Der Shake enthielt 6 Gramm essentielle Aminosäuren und L-Carnitin – die muskelaufbauenden Bausteine des Proteins – und 35 Gramm Kohlenhydrate.
Da das Training die Blutzufuhr zum Arbeitsgewebe erhöht, kann das Trinken einer Kohlenhydrat-Protein-Mischung vor dem Training zu einer besseren Aufnahme der Aminosäuren in den Muskeln führen.
Für Ihren Shake benötigen Sie etwa 10 bis 20 Gramm Eiweiß – in der Regel etwa einen Messlöffel eines Molkenproteinpulvers. Sie vertragen keine Eiweißdrinks? Sie können die gleichen Nährstoffe von einem Sandwich mit 100 Gramm Truthahn und einer Scheibe Käse auf Vollkornbrot erhalten. Aber ein Getränk ist besser.
Flüssige Mahlzeiten werden schneller absorbiert. Also sollten Sie möglichst zu einem Shake greifen. Trinken Sie einen 30 bis 60 Minuten vor Ihrem Training.
- Strengen Sie sich nicht immer an
Ihr Körper sollte sich jeden Tag bewegen, aber das bedeutet nicht, dass Ihre Workouts Sie bis zur Müdigkeit und Erschöpfung bringen sollten. Wenn Sie jeden Tag am härtesten trainieren, bekommt Ihr Körper keine Chance zu wachsen. Wählen Sie Ihre Angriffspunkte. Zielen Sie darauf ab, jedes Training mit einem guten Gefühl zu beenden, nicht mit totaler Erschöpfung. Beschränken Sie Ihr Training im Kraftraum auf 12-16 Sätze und gehen Sie nie darüber hinaus.

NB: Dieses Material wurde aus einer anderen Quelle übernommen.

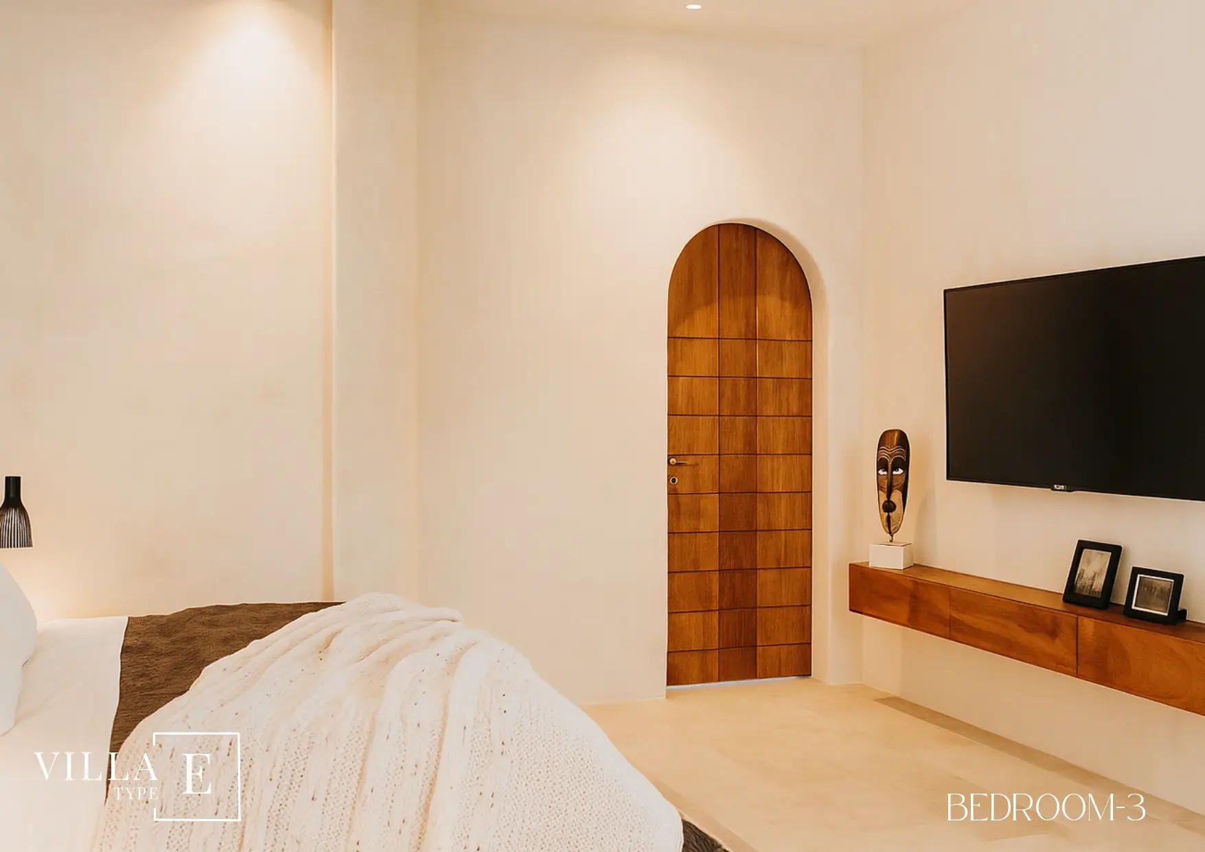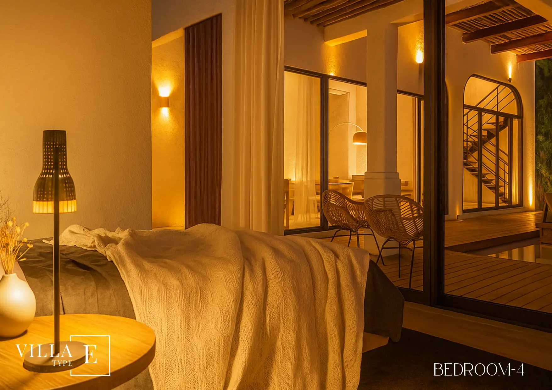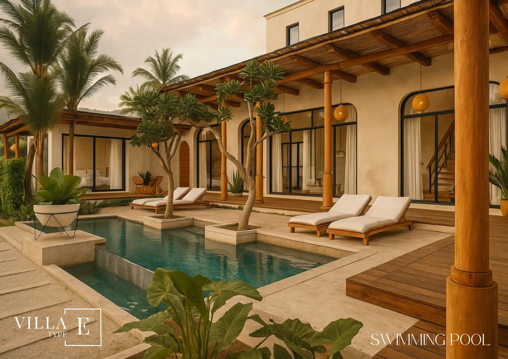 Villa E showcases the architectural identity that has made Boho Chic Village one of the most desirable destinations for modern homeowners. Every line, curve, and texture has been thoughtfully chosen to celebrate simplicity, openness, and natural flow. The use of locally sourced materials — warm wood tones, natural stone, and soft earthy hues — gives the villa an inviting and harmonious feel.

Das heißt nicht, dass Sie nicht hin und wieder ein brutales Training absolvieren können. Aber beschränken Sie das Training, das Ihren Körper an seine Belastungsgrenze bringt, auf drei Mal pro Woche und nie an aufeinanderfolgenden Tagen. Die Muskeln brauchen Erholung, um zu wachsen. Ständig bis zur Erschöpfung zu trainieren, ist kontraproduktiv für die Erholung, die Sie für das Muskelwachstum brauchen.